* REQUIREMENT
Keeping every word the same, give again only the lines from the one with "Пухова безрукавка Tommy" through the end of the data, both included, and leave every picture out.

* DATASET CONTENT
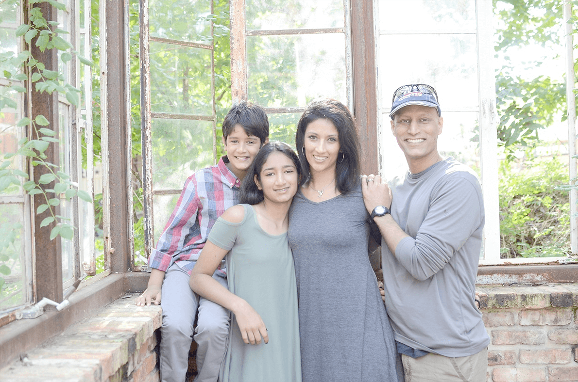 Quinlan Park Dental founder Dr. Sumita Chakraborti with her family: L-R: son Anand, daughter Mia, husband Mark, who is currently in treatment for an aggressive and rare form of cancer.
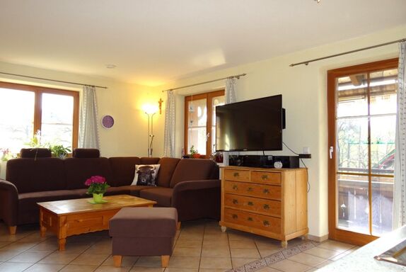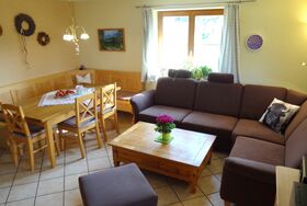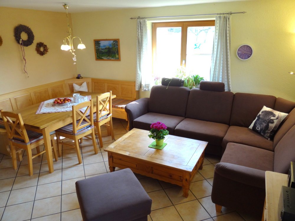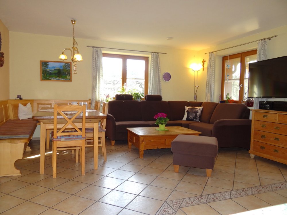 Unsere Ferienwohnung Sonnenhaus ist nach den Richtlinien des Deutschen Tourismusverband mit 3 Sternen klassifiziert worden. Sie befindet sich im neu, nach ökologischen Gesichtspunkten, errichteten Austragshaus direkt neben dem Hof. Hier vereinen sich, innen wie außen, niedriger Energieverbrauch mit hohem Wohnkomfort. Die Wohnung mit großen Balkon und Blick über die Schweizer Berg ist gemütlich und komfortabel ausgestattet.
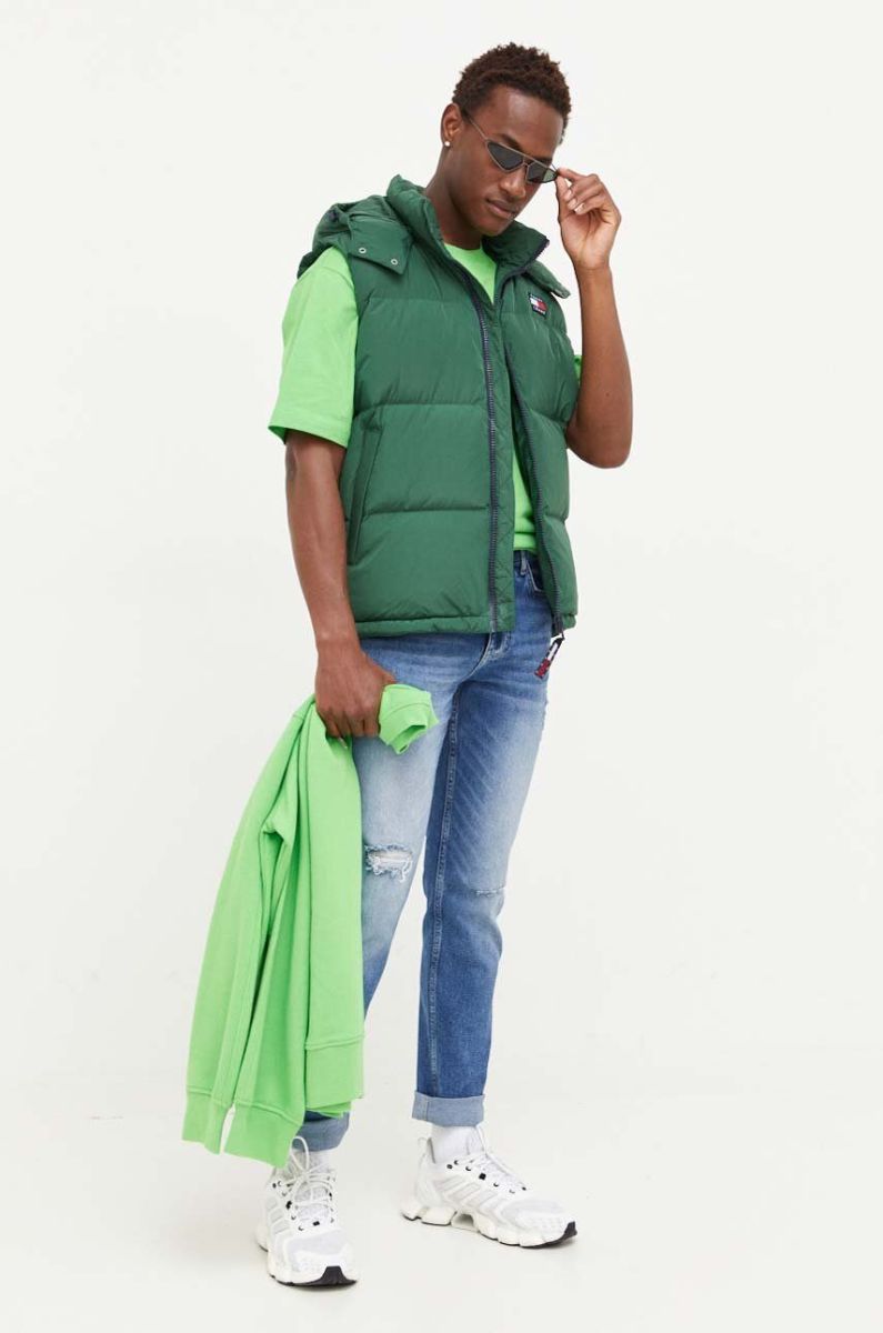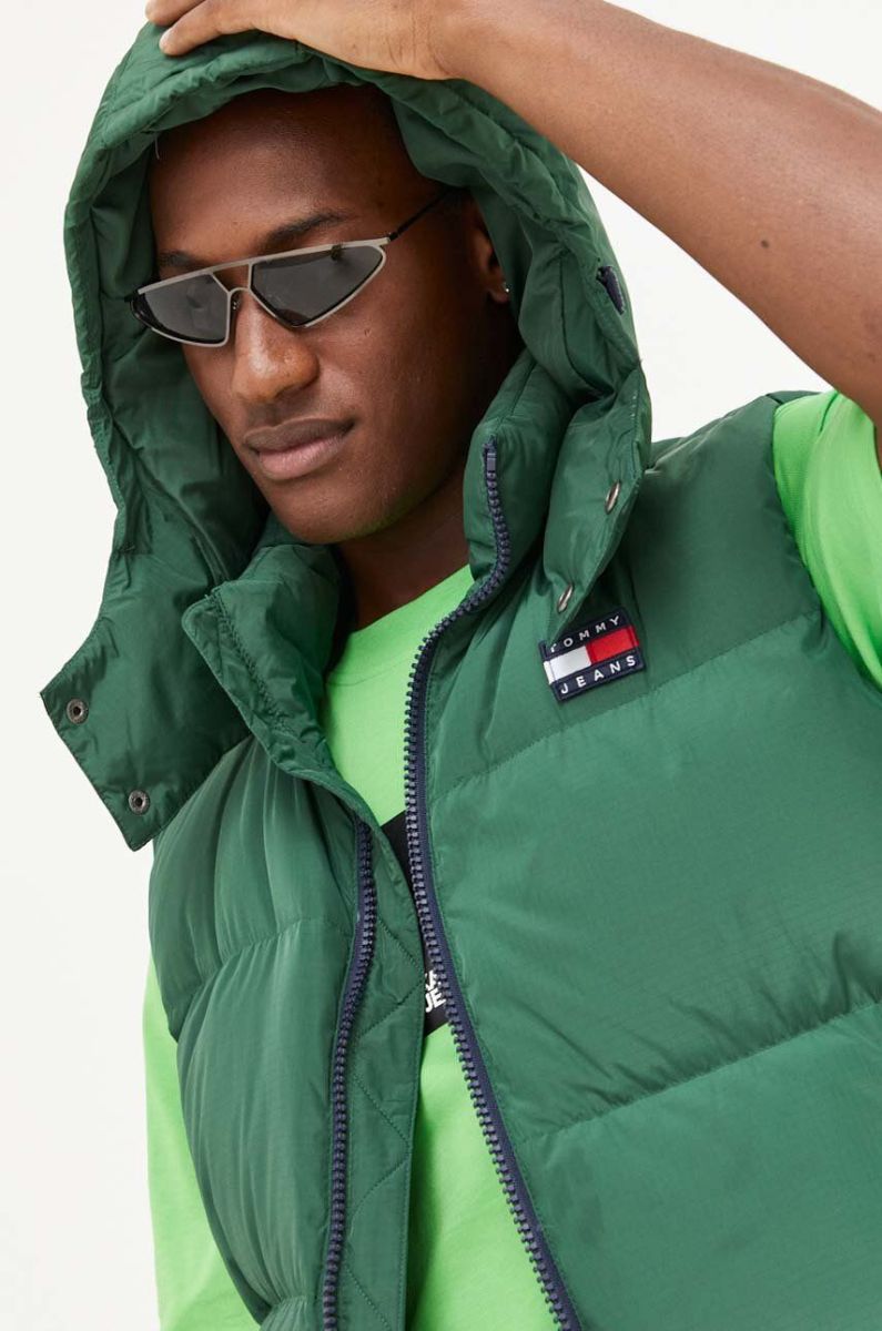 Пухова безрукавка Tommy Jeans чоловічий колір зелений зимовий
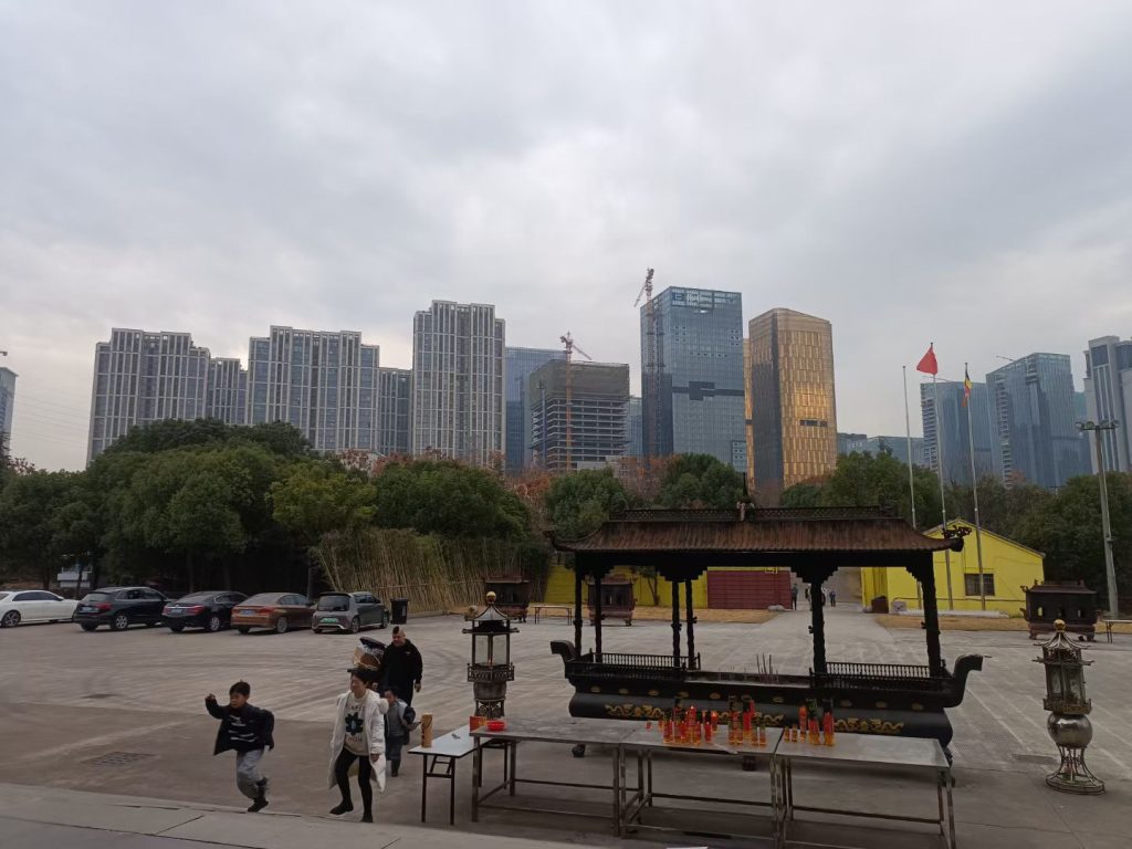 On the afternoon of May 13, 2024, the warm sun cast its slanting rays over the land of central Zhejiang. With deep reverence for this millennium-old temple, I made my way to Futian Temple, located at No. 509 South Shangbo Road, Phase V of the International Trade City, Yiwu City, Zhejiang Province. Nestled in the bustling core of Yiwu’s commodity economy, this temple stands as a tranquil haven with its blue tiles and red walls, shielding visitors from the outside hustle and bustle and emerging as a rare spiritual sanctuary in the urban landscape.

* SOLUTION
 Пухова безрукавка Tommy Jeans чоловічий колір зелений зимовий
 On the afternoon of May 13, 2024, the warm sun cast its slanting rays over the land of central Zhejiang. With deep reverence for this millennium-old temple, I made my way to Futian Temple, located at No. 509 South Shangbo Road, Phase V of the International Trade City, Yiwu City, Zhejiang Province. Nestled in the bustling core of Yiwu’s commodity economy, this temple stands as a tranquil haven with its blue tiles and red walls, shielding visitors from the outside hustle and bustle and emerging as a rare spiritual sanctuary in the urban landscape.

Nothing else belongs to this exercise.